For neuronal polarity analysis, isolated neurons extending single processes that were at least twice as long as the other neurites and/or tau-1-positive were scored as polarized. Between 20 and 100 cells were analyzed per experiment, and the results of at least three independent experiments pooled for each condition. For neurite number, length and branch density measurements, 20 cells were analyzed per experiment and the results of at least three independent experiments pooled for each condition. Cell profiles were manually traced using NIH ImageJ. Only minor neurites that were at least as long as the cell body diameter and branches greater than 10 μm were considered.

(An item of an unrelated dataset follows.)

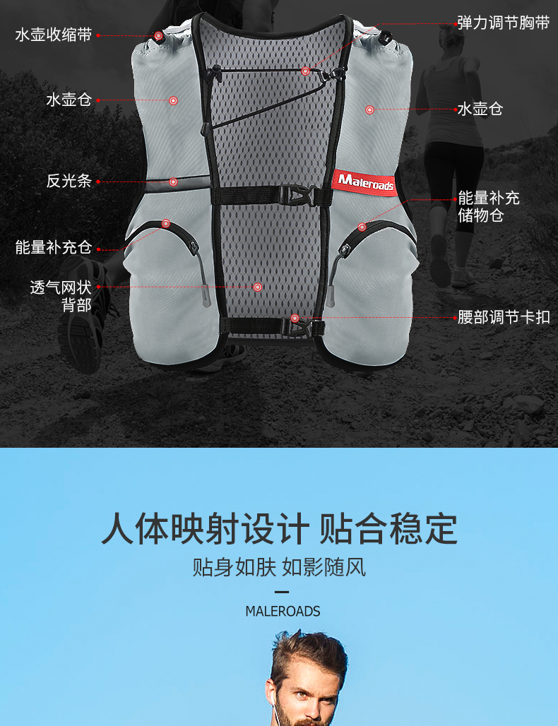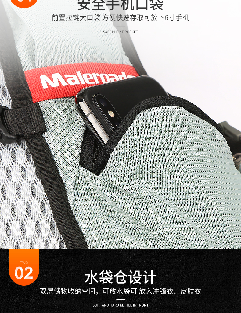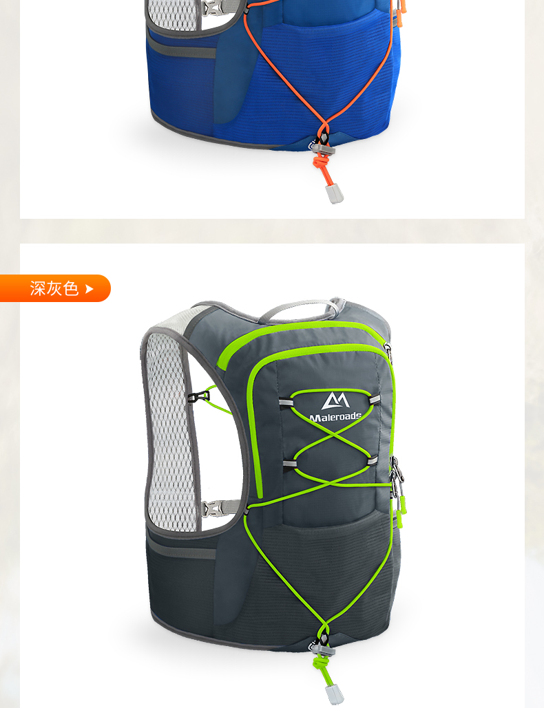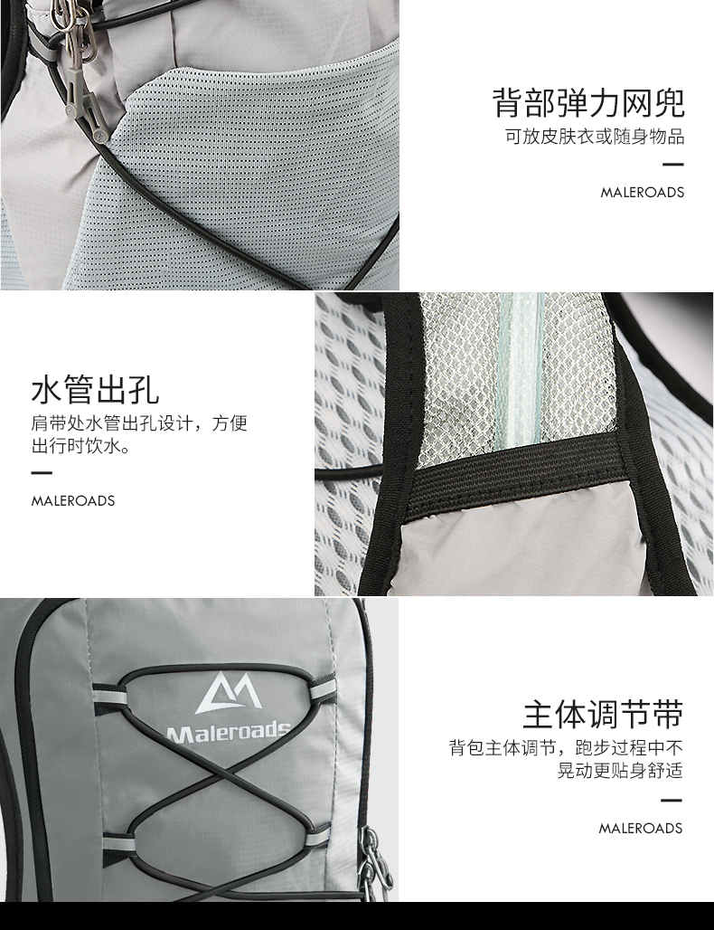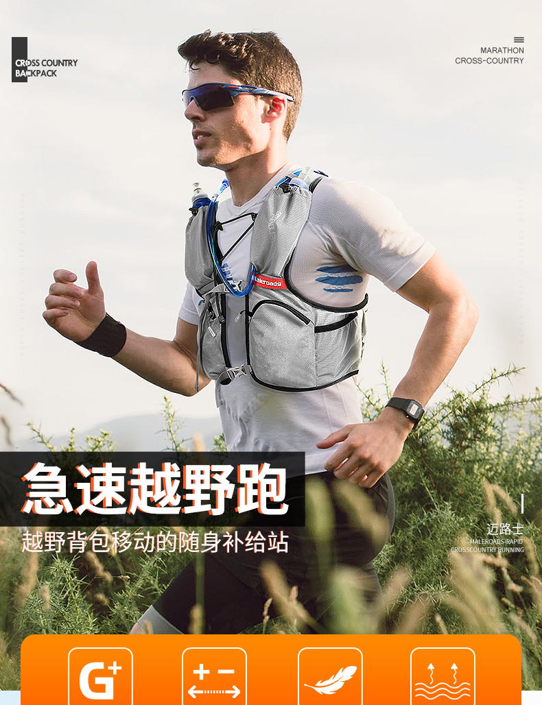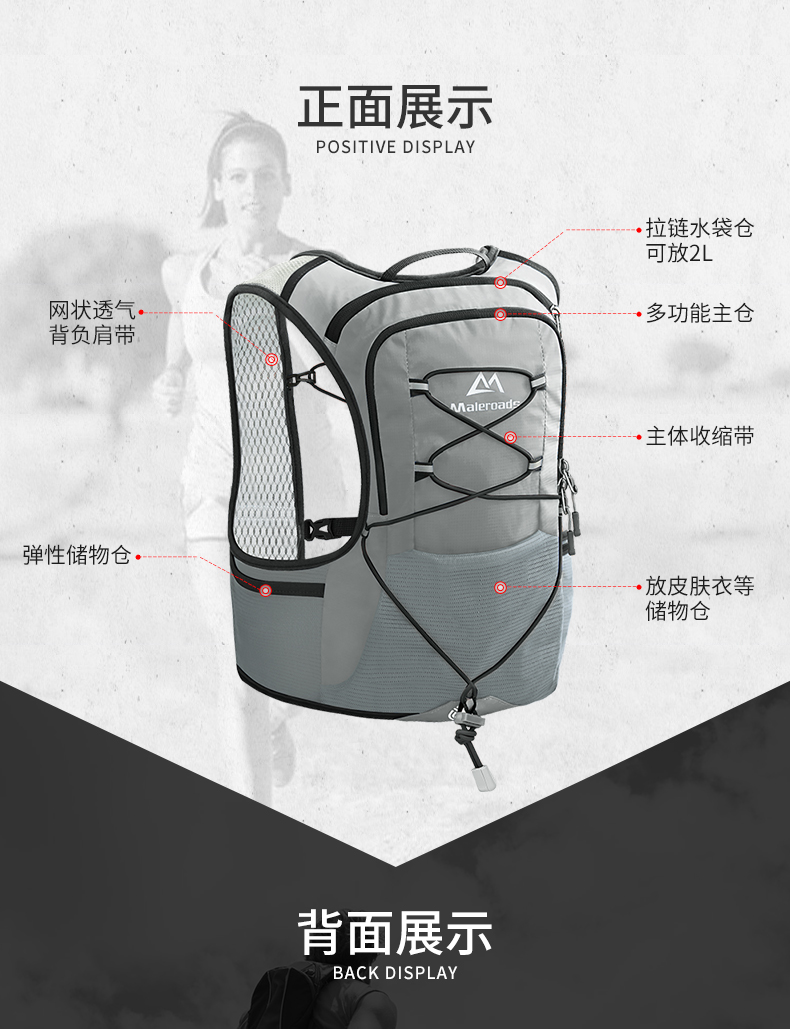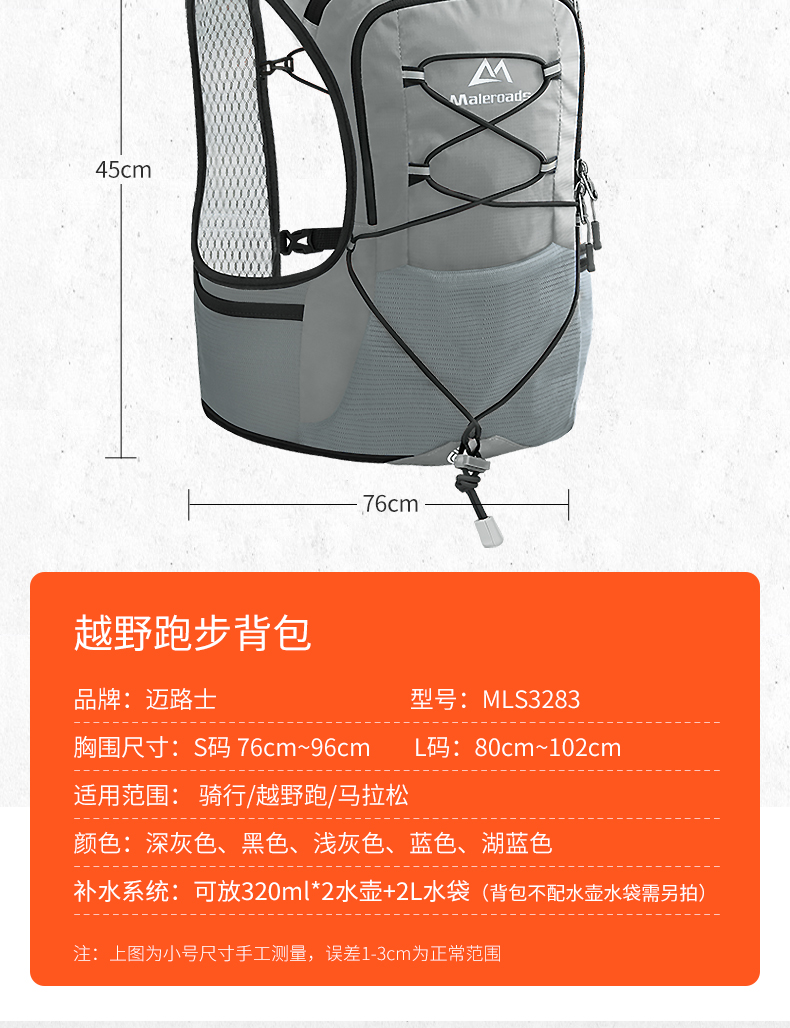 迈路士越野跑步双肩背包男透气户外徒步多功能运动水袋包女防水骑行包8L

For fluorescence/CMFDA ratiometric analysis, neurons were incubated with 10 μM CellTracker green CMFDA for 30 minutes at 37°C, washed and subsequently processed for immunofluorescence. Fluorescence intensity quantification of each protein and CMFDA staining were performed as described (Nishimura et al., 2004) using the Zeiss Axiovision 4.6 software. As a control, ratiometric analysis was performed for p38, a protein that does not accumulate at axon tips (Gartner et al., 2006). At least 50 cells per condition from a total of three experiments were analyzed.

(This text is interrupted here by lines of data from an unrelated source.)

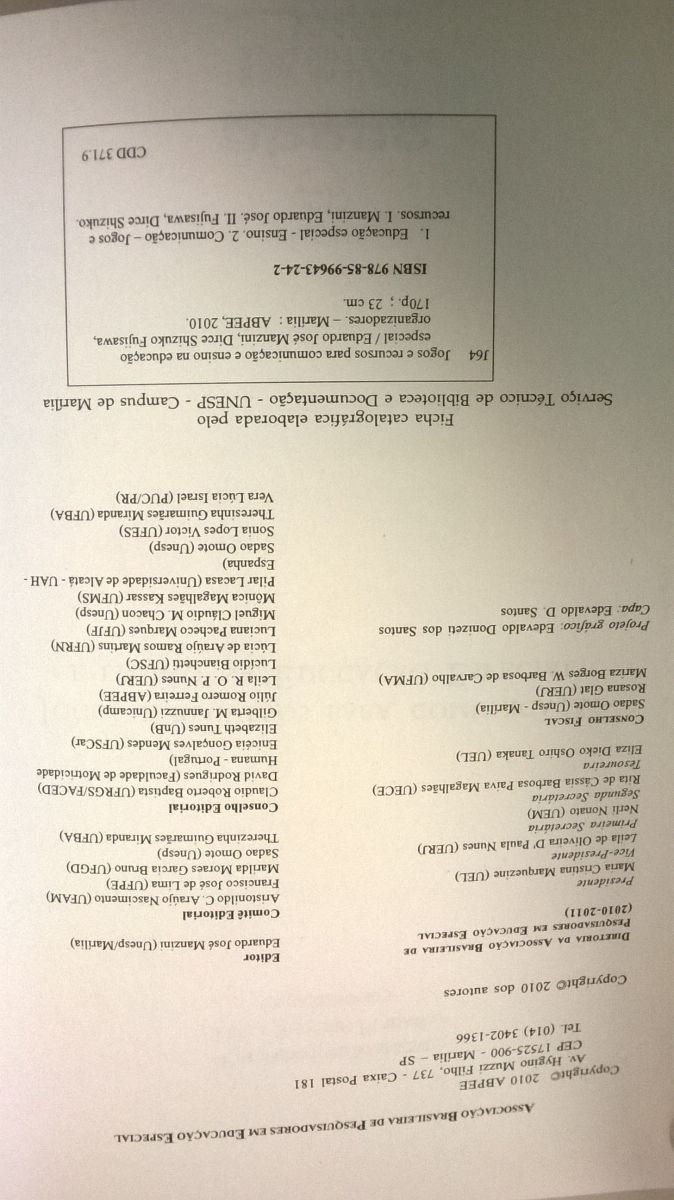Autor/Organizador: Eduardo José Manzini; Dirce Shizuko Fujisawa
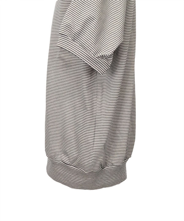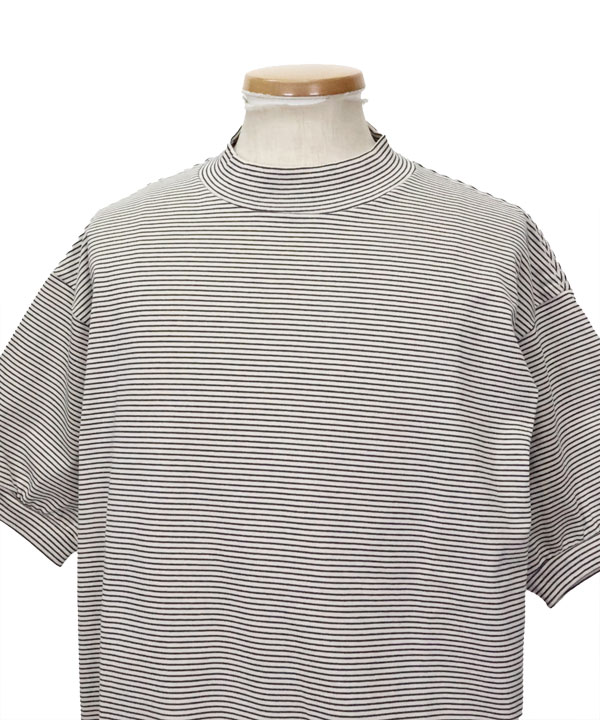 細ピッチのオリジナルボーダー天竺を使用した半袖スウェットデザインのモックネックTEEです。
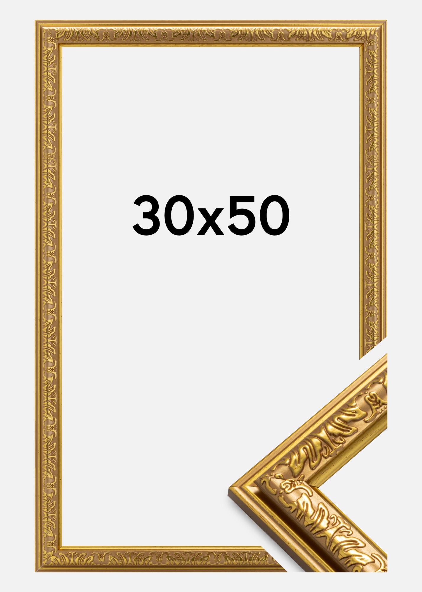 Esta é uma elegante moldura dourada decorada com ornamentos decorativos em estilo retro. A moldura tem muito caráter e se torna um belo detalhe de decoração na sua parede, ao mesmo tempo em que não tira o foco do seu motivo. Na parte de trás da moldura, há um suporte de parede que permite que a monte tanto na vertical quanto na horizontal.
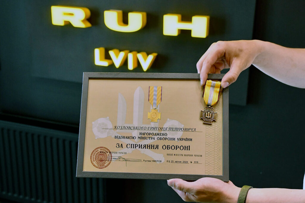 Григорій Козловський відзначив, що отримати таку нагороду від Міністра оборони України Рустема Умерова дуже приємно та несподіваною. Та подякував усім працівникам «Руху» та Emily Resort, які разом з ним роблять все, щоб допомогти українським захисникам та наблизити нашу Перемогу.
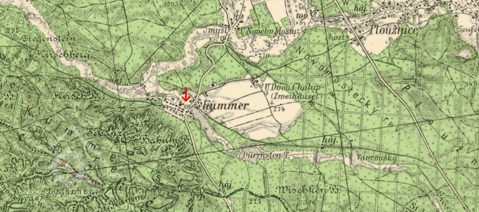 V roce 1930 byl majitelem mlýna a pily Ant. Motz. Obec Hradčany se nazývala Kummer, později Kummer am See, Hradčanský potok a rybník je uváděn jako Kummer.
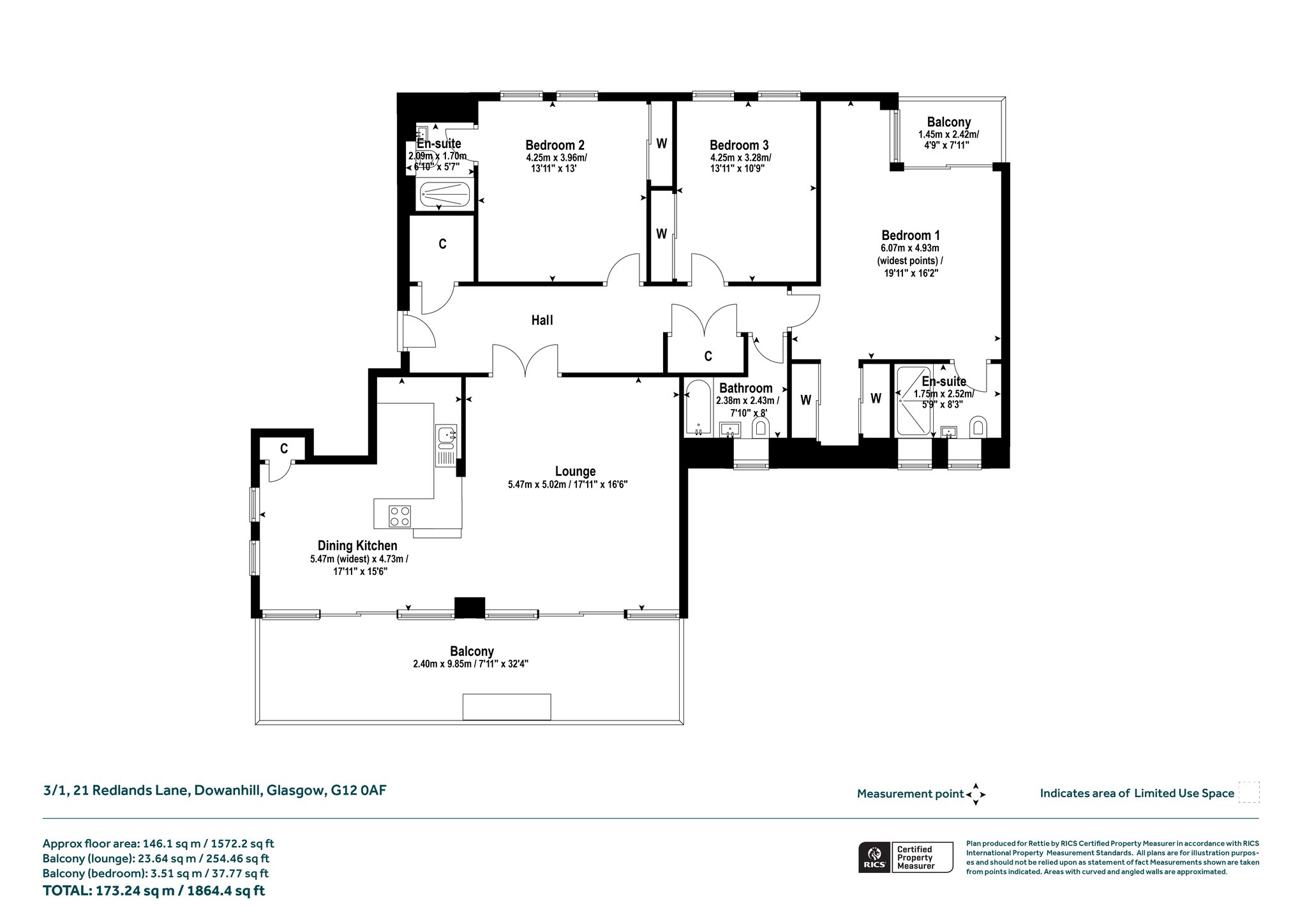 Internally the flat continues to Impress and there are numerous notable features including the superb lounge, quality fitted kitchen, dining area, three bedrooms (two with en suite shower rooms) a dressing room area off the principal bedroom and a main bathroom.

Statistical analysis was performed using a Kruskal-Wallis nonparametric analysis of variance test and Dunn's post-hoc tests with InStat 3.0 (GraphPad Software).

After two washes in cold PBS, cells from two 10 cm dishes per condition were scraped in 100 μl of IP buffer containing 150 mM NaCl, 10 mM Tris (pH 7.4), 1 mM EDTA, 1 mM EGTA pH 8.0, 1 mM MgCl₂, 1 mM Na₃VO₄, 10 mM NaF, 1 mM PMSF and one Complete protease-inhibitor tablet/10 ml (Roche). After incubating 30 minutes on ice, lysates were cleared by centrifugation at 19,280 × g for 15 minutes at 4°C and pre-cleared for 1 hour with protein G-Sepharose on a rotating wheel at 4°C. Protein concentration was measured in supernatants using a Bradford assay (Bio-Rad Laboratories). Extracts were then incubated with 2 μg antibody and protein G-Sepharose 4-10 hours at 4°C. After centrifugation for 5 minutes at 560 × g beads were washed four times with IP buffer containing 250 mM NaCl and 0.5% Triton. Western blot analysis was then performed on cell lysates as described (Lalli and Hall, 2005). Quantification by optical density was performed using NIH ImageJ on four independent experiments. Ral-GTP pull-down assays were performed as described (Lalli and Hall, 2005).